Oh that sucks about the tank not being a 100 gallon. That's the only problem with craigslist, sometimes you just never know what you are really getting.


----------



## lohachata (Jan 27, 2006)

both cichlids are convicts..one pink and the other common..they find small fish like tetras very tasty...the gourami will also get mean..the tinfoil barb will exceed 16 inches..the other barb will stay under 8 inches..
you should call the clown that you got the tank from..not kosher misrepresenting it like that..it takes it from a bargain to a rip off.....i would be showing up at his house with snarling dogs and automatic weapons..


----------



## Dragonbeards (Dec 14, 2008)

Eh, I would but, I feel bad for her because she is disabled. Trying to turn lemons into lemonade though. Tank is getting fixed up, it actually looks presentable now (it did look terrible), and I made a list of everything it came with, so I'm gonna post that on the add.


----------



## Dragonbeards (Dec 14, 2008)

llamas said:


> I am not exactly sure how compatible that gourami may be with the tetras. It's an opaline or three spot (both are the same, just a color variation). He will get to be about 6 inches long. These gouramis are quite peaceful when young, but as they grow older, they can become more territorial and attack smaller fish. Neons are quite small, so I would avoid it to be on the safe side. You can always recommend a dwarf gourami. Your sister would probably like the powder blue....


Thinking about that, I think it may make a good Christmas present for her, a dwarf that is. I'm not entirely sure how I would hide it (that is, once it get nearer the time), but I could figure out something. Thanks.


----------



## Gourami Swami (Jul 4, 2006)

If you do sell the 55 for a larger tank, like a 75 or 90, the stock list you posted would be fine except, in my opinion, for the bichirs and ropefish.

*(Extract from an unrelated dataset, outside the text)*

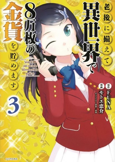 One day Mitsuha falls off a cliff and is tranported to a medievel Europe type world! After a near death encounter with a pack of wolves, she then realizes that she's able to transport between two worlds- this one and her own. Taking advantage of this ability, Mitsuha decides to live in both worlds and calculates that she'll need 80,000 gold coins to be able to retire! Mitsuha now has to come up with different ways to collect her gold coins!
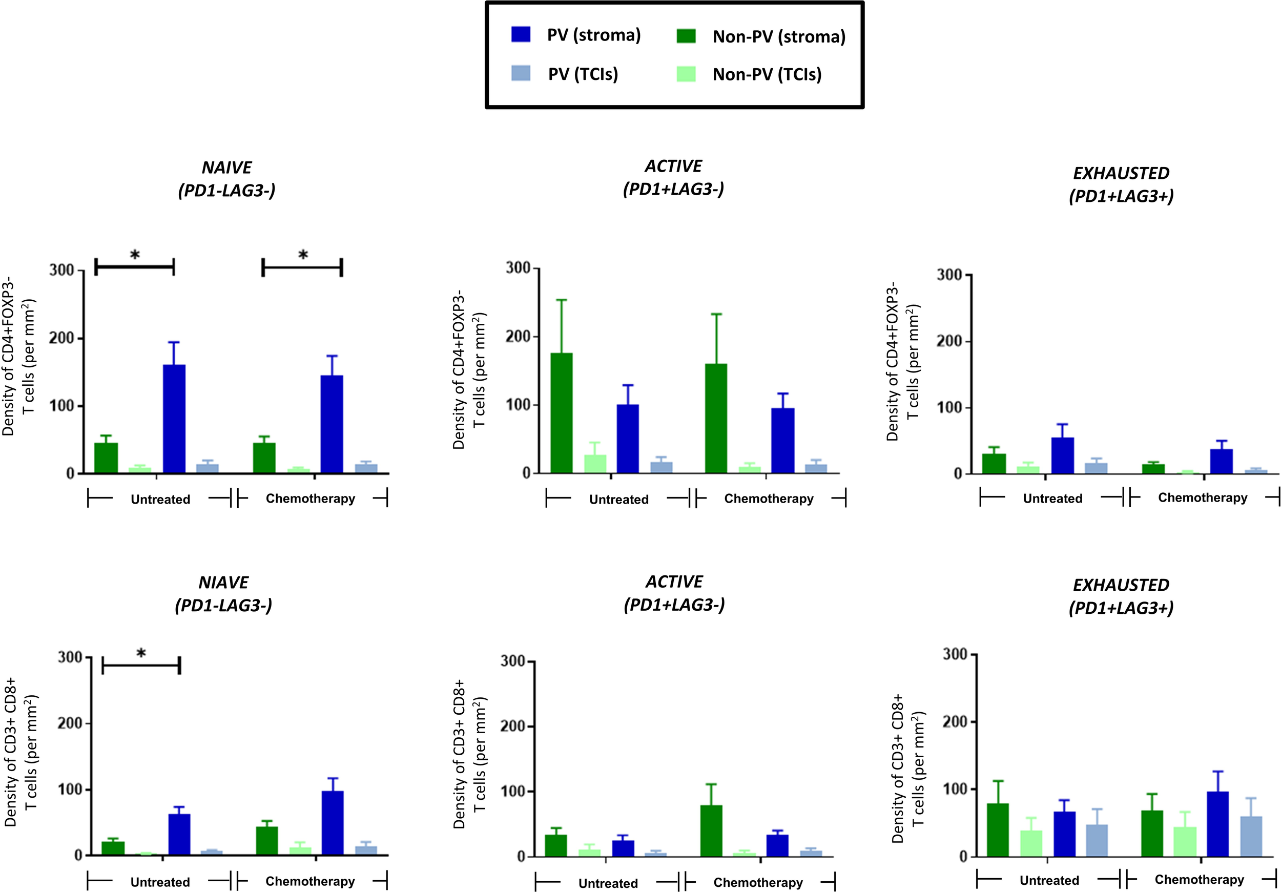 The activation status of CD4+ and CD8+ T cells was assessed using antibodies to the activation marker, PD-1, and exhaustion marker, LAG-3 (ie. naïve T cells are PD1-LAG3-; active T cells are PD1+LAG3-; exhausted T cells are PD1+LAG3+). Figure 6 shows that only naïve CD4+ (top row) and CD8+ T cells (bottom row) preferentially located to PV areas of the stroma in untreated tumors. This persisted in NAC tumors for CD4+ T cells. By contrast, both active and exhausted CD4+ and CD8+ T cells were evenly distributed across tumors (although active subsets of both CD4+ and CD8+ T cells showed a non-significant trend towards a more stromal distribution). Exhausted CD4+ T cells were only present at low density in all areas whereas exhausted CD8+ T cells showed greater variation between tumors with some containing a similar density in the stroma to naïve CD8+ T cells. Taken together, these data suggest that PV areas of tumors contain mainly naïve and active CD4+ T cells, and naïve and exhausted CD8+ T cells.

These fish can be very problematic, and i can almost guaruntee you the bichirs will attempt to eat the smaller loaches and catfish.


----------



## Dragonbeards (Dec 14, 2008)

Hmm... see that's a problem. I already have one bichir, it came with my 20g from people who knew less than my dog about fish. That's what the tank is centered around. How do you suggest I change the list? I really would like to hang onto the bichir, and one of the reasons my parents are lettingn me get it in the first place is because it's for him 

The ropefish can be removed from the list though, or I could change out the loaches for something a little bigger.


----------



## Gourami Swami (Jul 4, 2006)

If your sticking with the bichir it would be risky to put any smaller fish in, especially slim-bodied ones. Youd be best sticking with fish 4' and over, full bodied. even then ita a gamble but the odds are alot better  I only say this because ive had a senegal bichir (10") attempt to eat a 6" pictus cat that i thought would be fine in the tank. The bichir choked and they both died in the encounter.


----------



## Dragonbeards (Dec 14, 2008)

Hmm....

6 Upside-down Catfish (Synodontis nigriventris)
1 Angel Catfish (Synodontis angelicus)
1 Striped Catfish (Synodontis flavitaeniatus)
1 Algae Eater (undecided)
2 Ropefish (Erpetoichthys calabaricus)
2 Senegal Bichirs (Polypterus senegalus)
8 Giant Danios (Danio aequipinnatus)

That look good? Or is there anything else I should remove? The only other thing that is stuck on that list is the Giant Danios. Another fish that came from the 20g.

Gee, now the list is looking really empty...


----------



## Gourami Swami (Jul 4, 2006)

Well again, the upside down cats, striped cat and giant danios do pose a problem with the bichirs. The danios if full grown would be alright. You could try that stocking and you might be just fine, sometimes bichirs are pretty placid. But then again, sometimes theyre not,


----------



## Dragonbeards (Dec 14, 2008)

Yeah, the one I have, he's about 4" right now, been living with the one danio who's pretty big, 4" also. What I might do is use the 20g as a grow out when I start stocking some of the smaller fish. That way they will have a chance to grow a bit before they get put in with the big ones. Thanks for the help


----------



## Gourami Swami (Jul 4, 2006)

No problem, the 20g grow out sounds like a good idea


----------